Daß Neil Hannon (der sich als „Band“ The Divine Comedy nennt) weder die Euphorie noch Kater und Überdruß jener Zeit groß mitbekam, liegt an seiner gesund autistischen Grundeinstellung: Die Welt, wie sie angeblich ist, ist ihm wurst, der Ernst des Lebens und das ganze Gezippe, Gezappe und Gezuppe der großöffentlichen Schafherde da draußen (vor seinem Wolkenpalast) sowieso. Seine Lieder sind geschlossene Systeme einer endemischen, hermetischen Schönheit, in denen es vordergründig um alles Mögliche geht (Katharina die Große, Napoleon und ein Wesen mit dem sprechenden Namen „Funny Peculiar“ zum Beispiel) oder um nichts als einen netten Wortwitz, in Wahrheit aber immer um Liebe, Einsamkeit, Glück, Hoffnung, Verzweiflung und noch mehr Liebe.

Glück, genau, und Liebe: Niemand, den ich kenne, schreibt und musiziert mit so viel Glück und Liebe im Herzen und Trauer in der Seele, niemand tänzelt so graziös auf dem dünnen Spannseil zwischen Selbstironie, emotionaler Aufrichtigkeit und kindischer Freude am Blödsinn wie Neil Hannon.
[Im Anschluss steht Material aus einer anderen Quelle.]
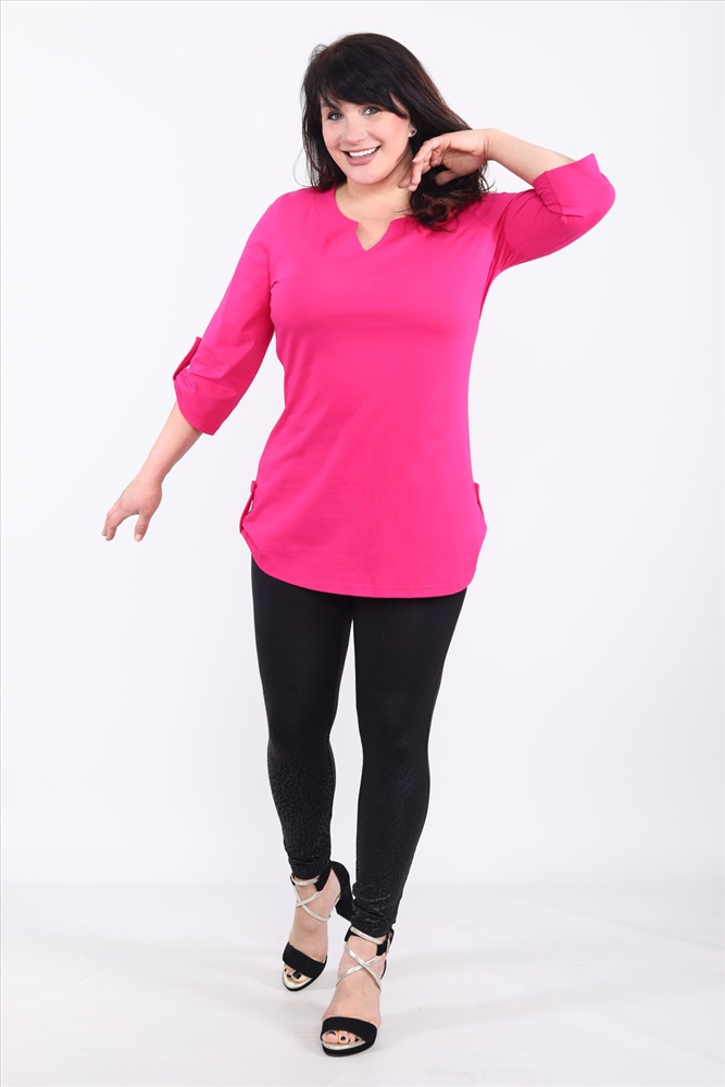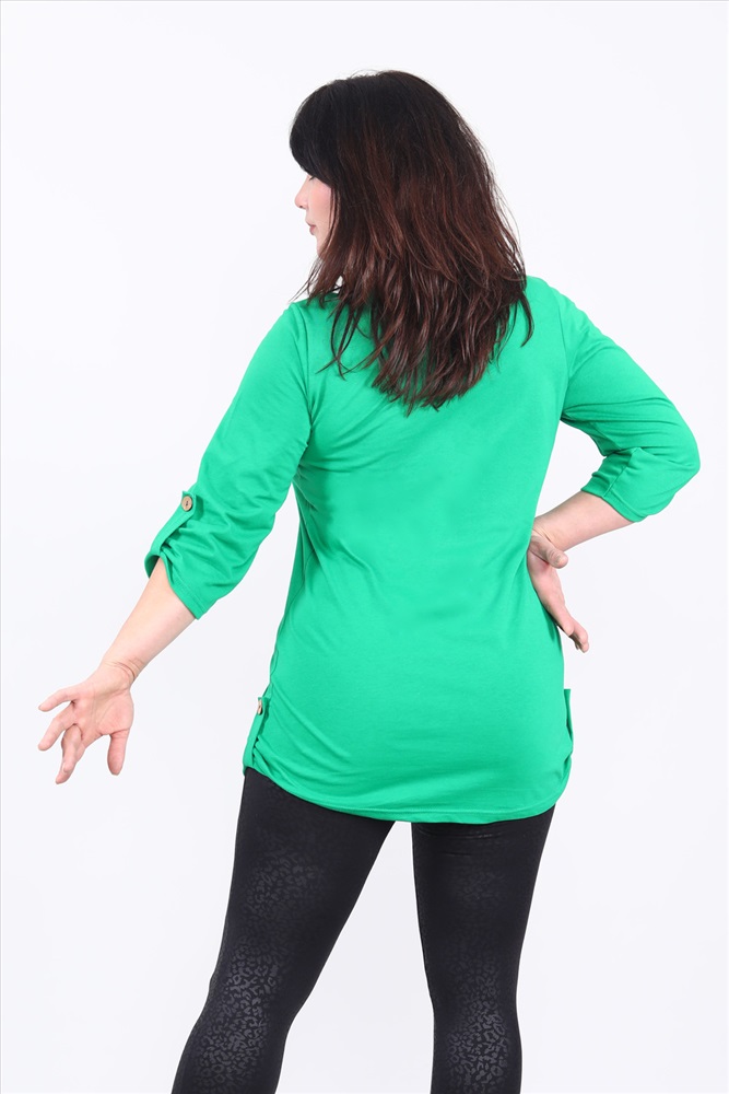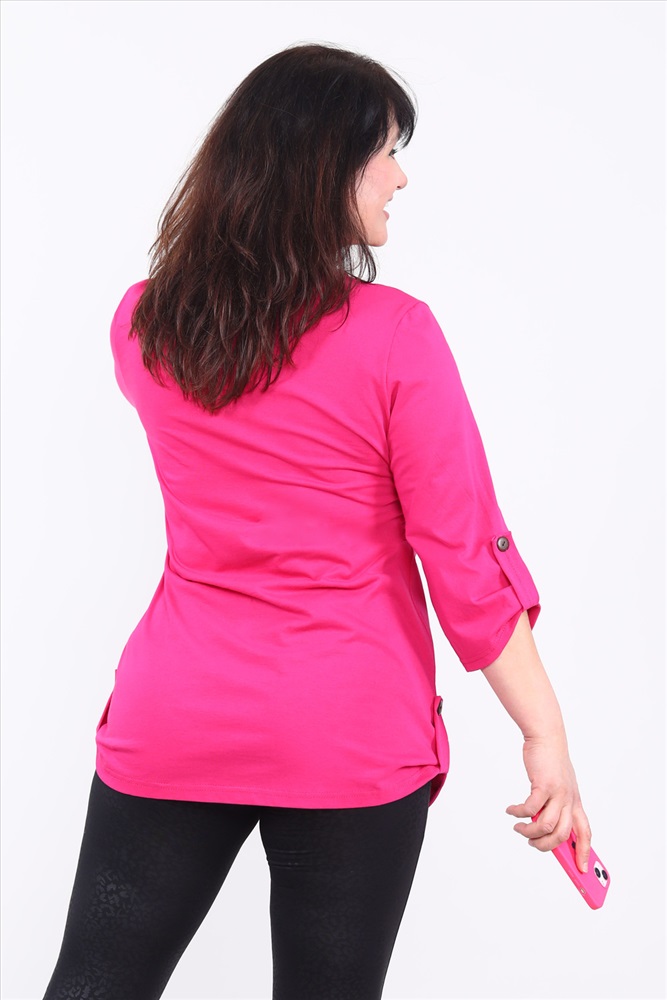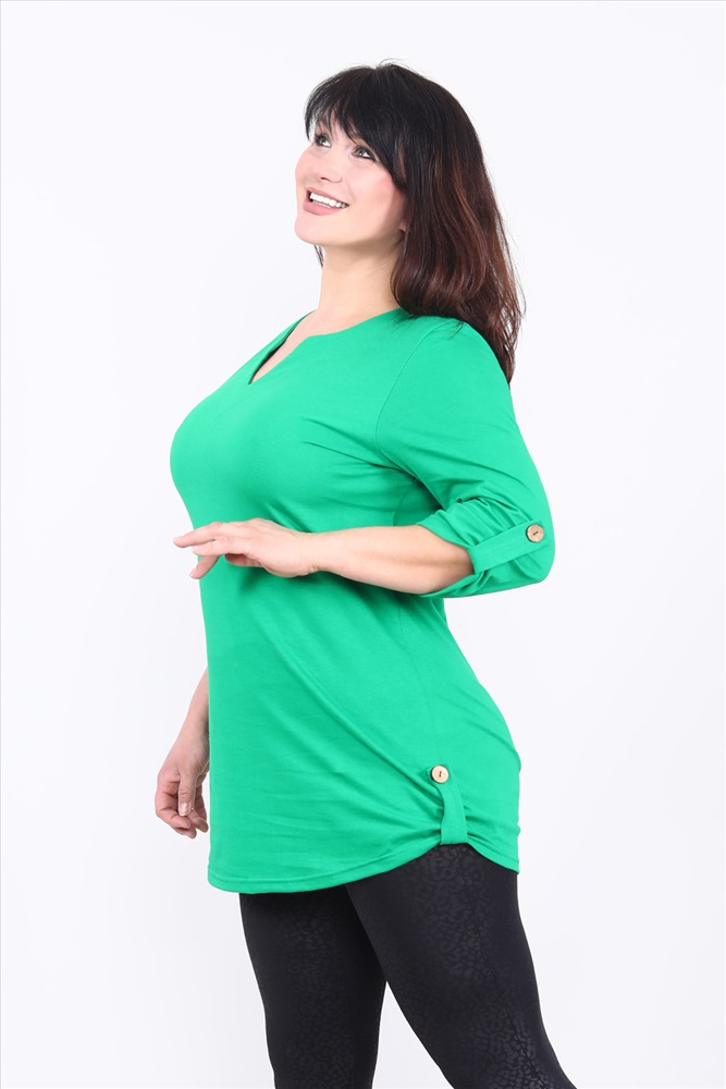 Застежка: без застежки Туника женская с рукавом 3/4. Данная модель выполнена из трикотажного полотна кулирка (хлопок 100%). Горловина обработана обтачкой. Низ изделия округлый. По бокам изделия и внизу на рукавах присутствуют хлястики с пуговками. Отличная модель для отдыха и прогулок.

Und wenn ihm mal das Gleichgewicht zu verrutschen droht, bricht er ein gerade noch rührend poetisches Lied wie „Other People“ lieber mit einem lakonischen „Bla bla“ einfach ab, als zu riskieren, daß Tante Pathos es sich in seinem Salon gemütlich macht und ihm seinen Tee wegschlürft. Daß so einer seine dunklen Seiten kennt und weiß, was mit ihm passiert, wenn man ihn allein läßt, versteht sich von selbst. Daß er in einem durchaus lustigen Lied („How Can You Leave Me On My Own“) davon erzählt, das einem einen verdorbenen Tag sogar nachträglich retten und vergolden kann, obwohl und weil das alles unendlich traurig ist, versteht sich eben nur bei Neil Hannon.

Wer weiß, ob Popmusik jemals noch mal die Bedeutung und weltgeschichtlich-autobiographische Relevanz haben wird wie 1996 (die derzeitige Nummer eins in Großbritannien ist ein Best-of-Album von ELO mit 8.000 verkauften Exemplaren). Wer weiß, ob wir noch mal eine solche Supernova erleben (oder uns das wünschen sollten). Aber wenn, dann wird Neil Hannon, der alterslos unsterbliche Dandy mit der angewachsenen Rundbrille, irgendwie dabei und nicht dabei sein. Und wenn nicht, ist ihm das wahrscheinlich auch egal.

Die Kolumne „Frisch gepreßt“ erscheint alle vierzehn Tage im Stadtmagazin IN MÜNCHEN.